The army in Edinburgh was not well pleased with the political authority which was being exercised by their comrades in London, and Monk declared that he would come to London and restore the Rump. A Council of State, which had been appointed by Parliament before the sudden and violent interruption of its sittings, sent him a Commission making him Commander-in-Chief of the armies of England, Scotland, and Ireland. John Owen wrote him a letter in the name of the Congregational Churches. The letter was carried to him by Caryl and Barker, two Congregational ministers, who, as representatives of the Churches, entreated him to use his power for the cause of liberty and godliness.15 Lambert attempted to stop his march southward, but failed.

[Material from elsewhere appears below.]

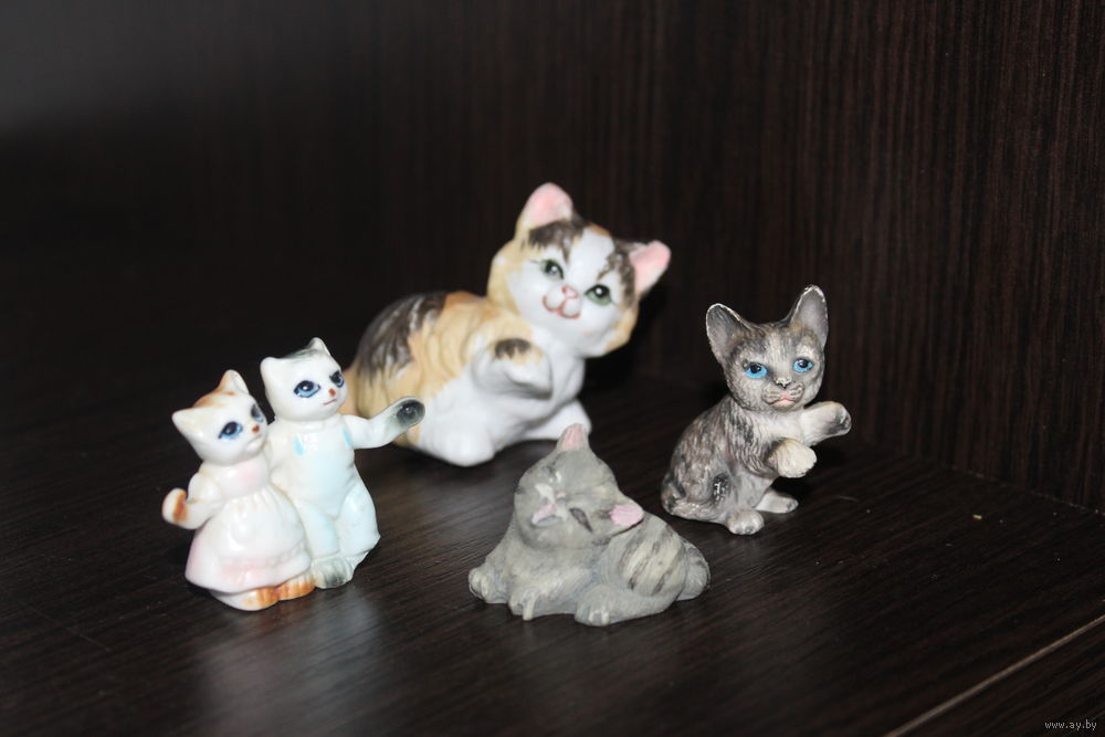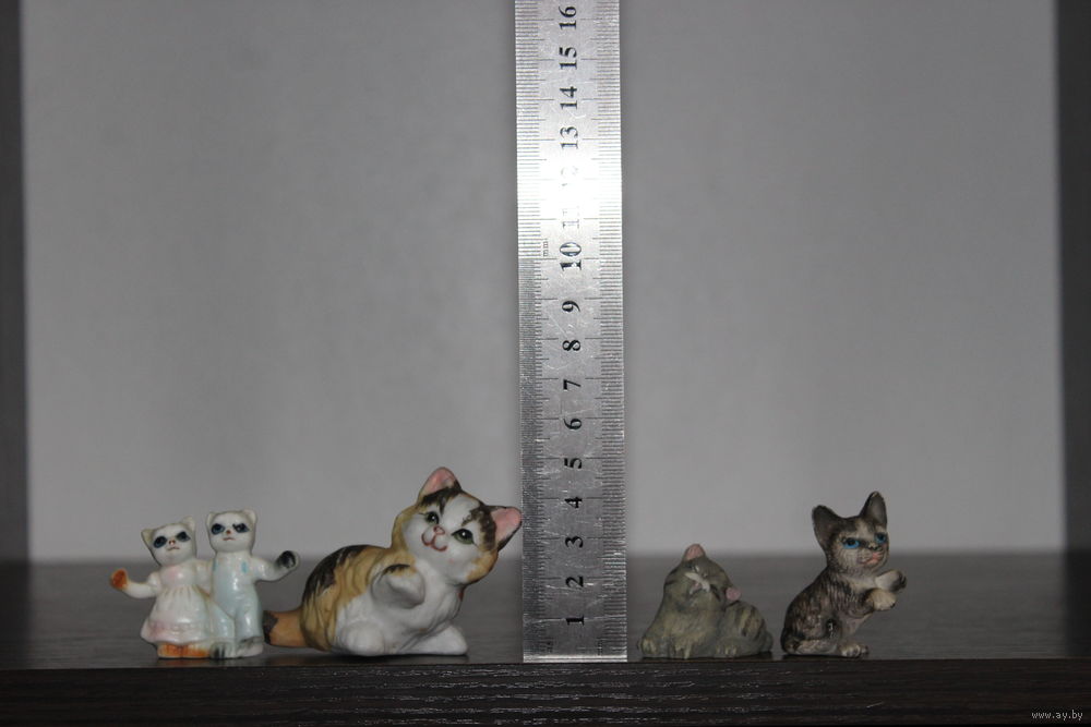 Высота большого котика 4,8 см., ширина 7 см., высота парных котиков 3,8 см., ширина 4,9 см., лежащего котика 2,8 см., ширина 3,7 см., котика сидящего 4,1 см., ширина 3 см.

All over the country rose cries for a free Parliament, and the officers, who found that they could not rely on their own men, recalled the Rump on December 26. Now that the House was at Westminster again, it would have been glad to send Monk back to Scotland; but he continued to move towards London, and also continued to be very silent about his own ultimate views, though he was willing to take any number of oaths. He was in favour of a free Parliament; and he was ready to swear that he abjured Charles Stuart, that he would be faithful to the Commonwealth, would resist the appointment of "a single person" and the restoration of the House of Lords.

On February 6, 1659-60, Monk addressed the House of Commons, and said that he had received many addresses praying that the present Parliament might soon be dissolved and a new Parliament called, with freedom to make a national settlement. He told them that no Parliament admitted new

14 Whitelock (Oct. 26, 1659), 685.

15 Baker, Chronicle (continued by Phillips), 587-588, describes the commissioners as commissioners of the Independent Churches, mentioning Caryl. But Caryl and Barker, with Whaley and Goffe, were sent officially by the Committee of Safety, and carried letters from that body to Monk. Whitelock [Nov. 1, 1559], 686. That they should have taken a letter from Owen as well, suggests the importance of his political position. But Monk was supposed to be an Independent in religion. See Orme, Memoir of Owen (Works), i. 217–218; and Neal, iv. 216–218, for Monk's reply, addressed to Owen, Greenhill, and Hook, and by them to be communicated to the Churches.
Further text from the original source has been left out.